「年商1,000万円を超えれば安心」——そう思っているパン屋オーナーは少なくありません。しかし、売上規模より重要なのは「利益率」です。実際に年商1,000万円を達成したパン屋の財務データをもとに、収益構造の実態と改善ポイントを解説します。
年商1,000万円パン屋の財務データ全公開
取材をもとに構成した、東京都内・個人経営・スタッフ3名(うちパート2名)のベーカリーAの実際の年間収支です。
| 項目 | 金額 | 売上比率 |
|---|---|---|
| 年間売上高 | 1,050万円 | 100% |
| 原材料費 | 315万円 | 30.0% |
| 人件費(パート含む) | 336万円 | 32.0% |
| 地代家賃 | 105万円 | 10.0% |
| 水道光熱費 | 63万円 | 6.0% |
| 設備償却・修繕費 | 42万円 | 4.0% |
| その他経費(広告・消耗品等) | 52万円 | 5.0% |
| 営業利益 | 137万円 | 13.0% |
売上1,050万円に対して、手元に残る営業利益は137万円(約13%)。月換算すると約11.4万円です。一見すると少なく感じますが、業界平均の5.1%(日本政策金融公庫調べ)を大きく上回る優良ベーカリーと言えます。
原価率30%を実現した3つの工夫
① 主力商品に原材料を集中させる
ベーカリーAは食パン・バゲット・クロワッサンの3品を「看板商品」と位置づけ、全売上の約50%をこの3品で占めるよう商品構成を設計しています。製造工程の効率化と大量仕入れによるコスト削減が、原価率30%の実現につながっています。
② 国産小麦との価格固定契約
北海道産小麦を使用する農家と年間契約を結び、価格を一定期間固定しています。輸入小麦の価格変動リスクをヘッジしながら、「国産小麦使用」という訴求で価格転嫁もしやすくしています。
③ 廃棄率を2%以内に管理
1週間の販売データを曜日別・時間帯別に集計し、製造数を細かく調整することで廃棄率を2%以内に抑えています。

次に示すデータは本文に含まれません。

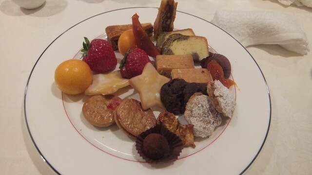 最後はお茶菓子。素敵に盛り付けられたお茶菓子を大石副料理長が披露。ここまでで皆さん、お腹いっぱいでしょうからと各人にお土産にしていただけた。鞄の中に入れて帰宅したので少し壊れたりしたがお味は良かった。苺や金柑が見た目も見事。そういえば他の参加者からお聞きしたが、同じ四ツ谷にある昨年、お伺いした料亭「福田屋」が3月末で今のところでの営業を終えるらしい。今後は今は閉鎖している本館から少し離れた別館で営業していくようだ。昔と違い本館もビル内の営業とはいえ素敵な料亭だった。料亭というスタイルが、今の時代に合わなくなってしまったのだろう。残念。それはともかく、こちら北島亭はお料理も良かったがアットホームなホスピタリティーが最高のお店だった。いうなれば老舗の家庭的な高級ビストロというのだろうか。ミシュランの星が付いたの落としたのなどは関係なく心身ともに暖かいフレンチを味あうには最高のお店だと思った。

廃棄率が1%改善するだけで、年商1,000万円規模では年間約10万円のコスト削減に相当します。
人件費率32%の内訳
ベーカリーAの人件費の内訳は以下のとおりです。
| 人員 | 月額人件費 | 年間 |
|---|---|---|
| オーナー(自身の報酬) | 18万円 | 216万円 |
| パートA(週4日・6時間) | 7万円 | 84万円 |
| パートB(週3日・5時間) | 3万円 | 36万円 |
| 合計 | 28万円 | 336万円 |
業界平均の人件費率28.5%より高い32%ですが、オーナー報酬が含まれているためです。オーナー報酬を除いた「スタッフ人件費率」は11.4%となり、適正水準です。
年商1,000万円でも赤字になるパターン
同じ年商1,000万円でも、収益構造が悪いと利益が出ないケースがあります。
| 項目 | 優良ベーカリー(A) | 収益悪化ベーカリー(B) |
|---|---|---|
| 原価率 | 30% | 38% |
| 人件費率 | 32% | 35% |
| 家賃比率 | 10% | 15% |
| 営業利益率 | 13% | -3% |
Bのパターンに共通するのは、①立地コストの過大(家賃が高すぎる)、②廃棄ロスの放置による実質原価率の悪化、③過剰なスタッフ雇用です。売上規模より「利益率の構造」が重要であることがわかります。
年商1,000万円を超えるための実践ポイント
客単価と来客数の両方を把握する
年商1,000万円を月換算すると約83万円。客単価500円の店舗なら、月1,660人の来客が必要です。現状の来客数と客単価を把握し、どちらを伸ばすべきかを判断することが成長の起点です。
利益率を落とさずに売上を伸ばす
売上を増やすために商品数を増やすと、製造コストと廃棄リスクが増えて利益率が低下します。新商品追加より、既存の看板商品の認知拡大(SNS・地域広告)による来客増加の方が、利益率を保ちながら売上を伸ばしやすいアプローチです。
まとめ
年商1,000万円達成の鍵は「原価率30%・人件費率32%以下・家賃比率10%以下」という数値管理の徹底にあります。売上の多寡より、この3つの比率をコントロールできているかどうかが、長く続くパン屋の条件です。まず自店の3指標を計算し、業界平均と比較するところから始めてみてください。
※事例は取材をもとに構成。個人・店舗が特定されないよう一部変更しています。